SALAH satu tantangan besar yang dihadapi sektor peternakan saat ini adalah laju konsumsi susu yang cukup rendah, yaitu 4.3 persen per tahun dibandingkan dengan upaya peningkatan produksi susu dalam negeri sebesar 5 persen per tahun. Namun demikian, perbedaan tingkat pertumbuhan konsumsi dan produksi di atas tidak dapat dipandang ringan karena kebutuhan konsumsi susu tidak dapat dipenuhi dari dalam negeri. Menurut data, hanya 44 persen kebutuhan konsumsi susu dapat dipenuhi dai sumber domestik, selebihnya (56 persen) Indonesia masih harus mengandalkan produk susu impor.
Sebagai gambaran perbandingan, juga ditampilkan neraca pangan jagung, sebagai salah satu proxy kinerja makan ternak di dalam negeri. Produksi jagung domestik tumbuh cukup lambat (3,9 persen) dibandingkan dengan kebutuhan domestiknya (4,6 persen) sehingga Indonesia masih perlu mengimpor jagung secara signifikan. Dalam hal kuantitas pun, data terakhir yang dapat dikumpulkan menunjukkan bahwa produksi jagung domestik hanya berkisar 9,3 juta ton. Konsumsinya mencapai 10,3 juta ton sehingga menjadikan Indonesia harus mengimpor jagung sekitar 1 juta ton per tahun, terutama dalam beberapa tahun terakhir.
Namun demikian, pemerintah masih terkesan ragu-ragu dalam menetapkan pajak impor atau bea masuk impor jagung. Mungkin pemerintah masih belum percaya diri mengambil kesimpulan analisis dalam hal keuntungan dan kerugian jangka pendek, serta jangka panjang terhadap konsekuensi dari pembatasan impor jagung tersebut.
Keragu-raguan seperti itu amat berpengaruh pada keputusan yang diambil para pelaku usaha di dalam negeri yang sebenarnya lebih mengharapkan kepastian hukum dan ketegasan pemerintah dalam mengawal sebuah kebijakan publik. Tidak berlebihan jika terdapat beberapa spekulasi bahwa upaya sekian macam gerakan dan slogan kebijakan pemerintah untuk mencapai swasembada produksi jagung hanyalah wacana politik saja karena masih terdapat kontroversi di dalam negeri sendiri. Membangun kebijakan sektor pertanian yang tangguh untuk meningkatkan kemandirian bangsa tidak cukup hanya dengan slogan semata, tetapi juga harus diikuti tindakan nyata di tingkat lapangan.
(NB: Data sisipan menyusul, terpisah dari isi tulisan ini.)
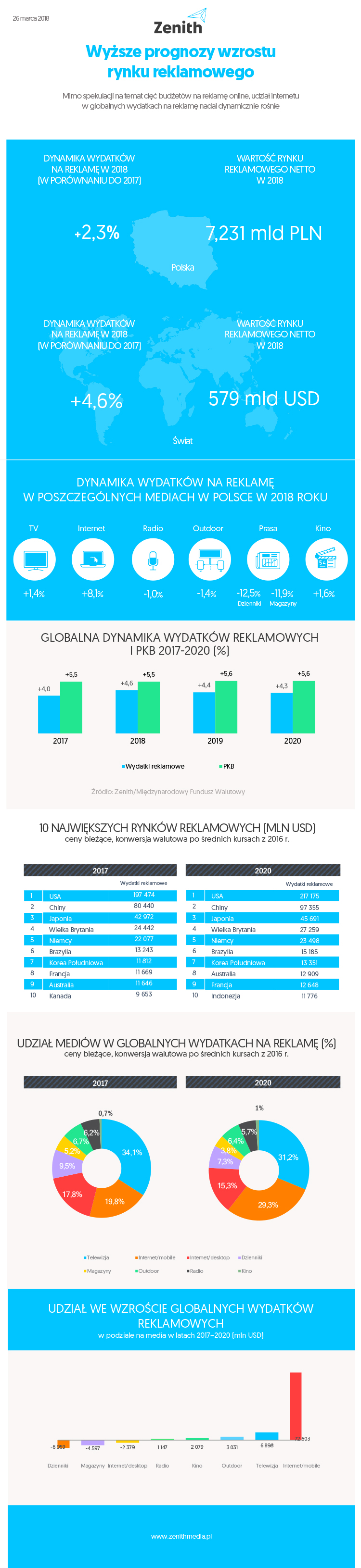 Rynek reklamowy w Polsce urośnie w tym roku o 2,3%, a wartość inwestycji w reklamę wyniesie na koniec roku 7,231 mld PLN netto − prognozuje agencja mediowa Zenith. Wyższe są także prognozy wzrostu dla globalnego rynku reklamowego – w tym roku wzrośnie o 4,6%, osiągając na koniec roku wartość 579 mld USD netto.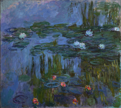 Towards the end of his life, and devastated by the death of his wife, Monet stopped painting for a while. In 1914 he started to work on numerous canvasses of his water garden. He began to paint the water lilies on very large canvasse for which he built a special studio.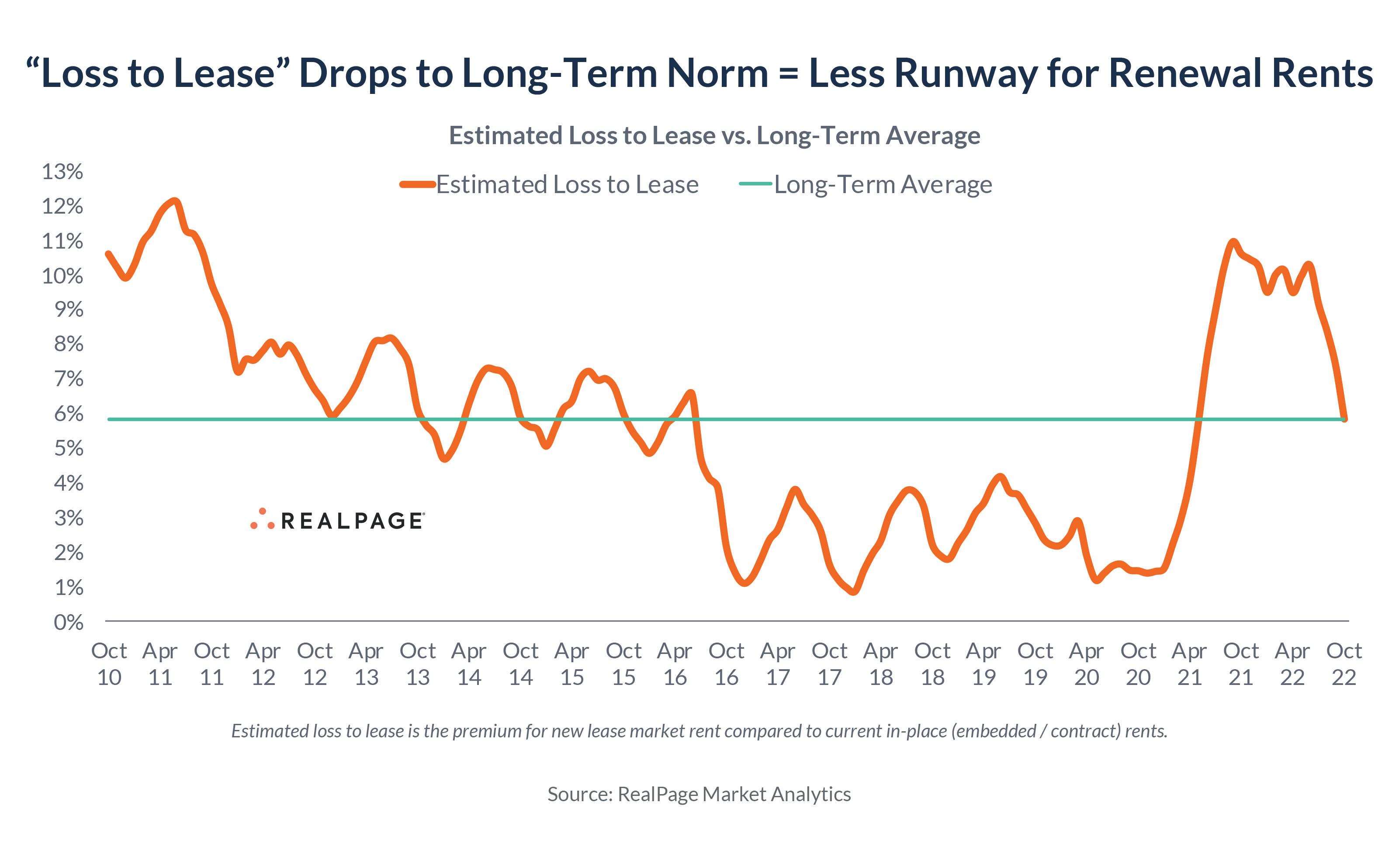 It’s critical to acknowledge there is ALWAYS some loss to lease because there’s usually a discount for renewals relative to new leases. (It’s equally important not to misinterpret this to mean renewal rents won’t increase as new leases decrease. This just means the nominal rent value paid by a renewing renter is almost always below what a new renter would pay coming through the front door.)

Terlepas dari kontroversi yang disebutkan di atas, agribisnis berbasis peternakan harus terus dibangun dan dikembangkan seiring dengan upaya besar pemulihan ekonomi dan pembangunan ekonomi daerah. Promosi investasi agribisnis di daerah akan dapat menghasilkan dampak ganda (multiplier effects) terhadap aktivitas ekonomi masyarakat lainnya. Langkah inilah yang diharapkan dapat menghasilkan lapangan kerja baru dan mengentaskan masyarakat dari kemiskinan, yang selama ini menjadi constrain penting dalam membangun bangsa yang tangguh dan berdaya saing.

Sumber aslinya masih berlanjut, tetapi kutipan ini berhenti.